Synchronisation und Tempo: Der Rhythmus, bei dem ich mitmuss

Eine Besonderheit vieler Musikstücke mit afrikanischen Wurzeln ist, dass bestimmte Schläge von den Trommlern nicht akzentuiert oder überhaupt nicht gespielt werden, obwohl sie im Ablauf des Rhythmus zu erwarten wären. „So entstehen Freiräume, in denen die übrigen Teilnehmer oder Tänzer ihren persönlichen Beitrag zur Vervollkommnung der Musik leisten können“, erklärt der Verfasser des Standardwerks über afrikanische Musik, John Miller Chernoff. Es sind Einladungen, mitzumachen, die das Bedürfnis nach rhythmischer Bewegung wecken und die meist durch Klatschen, Rufe, Tanz oder Mitmusizieren beantwortet werden. Jazz- und Soulmusiker, lateinamerikanische, orientalische und indische Interpreten und Komponisten spielen ebenfalls mit diesem animierenden Effekt. Auch der Effekt, dass Pausen zwischen zwei Grundschlägen als betont wahrgenommen werden, spielen für den Groove eine entscheidende Rolle. Solche Offbeats erzeugen bei den meisten Hörerinnen und Hörern unwillkürlich das Bedürfnis nach rhythmischer Bewegung.

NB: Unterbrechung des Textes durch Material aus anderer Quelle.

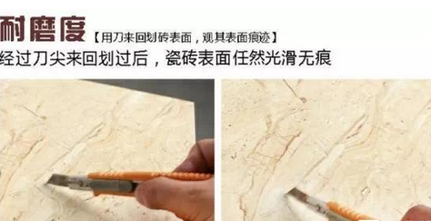 現在的瓷磚在耐磨性上進行了一系列的革新,無論是拋光磚、微晶石、全拋釉、仿古磚之類的,都有一個質的飛躍,那么初步判斷表面是否耐磨,我們只需拿起手中的利刀,盡情地往瓷磚表面刮,看看是否會把瓷磚表面的釉層刮掉,如果連這樣小小的刻劃也不能承受,可以斷定的是,這款瓷磚不是一個能長久陪伴我們的好伙伴。

Auch das richtige Tempo trägt dazu bei, dass einen ein Rhythmus packt. Die meisten Menschen bringt eine Folge von 100 bis 120 Schläge pro Minute (bpm oder beats per minute) auf Touren. Es ist in etwa die normale Geschwindigkeit beim Gehen. Wenn Testpersonen spontan einen Rhythmus klopfen sollen, dann wählen sie meist diesen Bereich. Tanzmusik nutze häufig diese Geschwindigkeit, weil dadurch besonders leicht ein „innerer Schwingkreis“ im Gehirn in Gang gesetzt werde, ist der Musikpsychologe Reinhard Kopiez von der Hochschule für Musik, Theater und Medien in Hannover überzeugt, „der auch dann noch eine Weile weiterwirkt, wenn die Musik längst zu Ende ist.“ Unsere Wahrnehmung hat beim Tempo klare Grenzen: Die Abstände zwischen zwei Schlägen sollten nicht kürzer als 120 Millisekunden und nicht länger als 1800 Millisekunden, also knapp zwei Sekunden, sein. Schnellere Impulse nehmen wir nicht mehr eindeutig als einzelne Ereignisse wahr, langsamere nehmen wir nicht mehr als regelmäßigen Rhythmus wahr.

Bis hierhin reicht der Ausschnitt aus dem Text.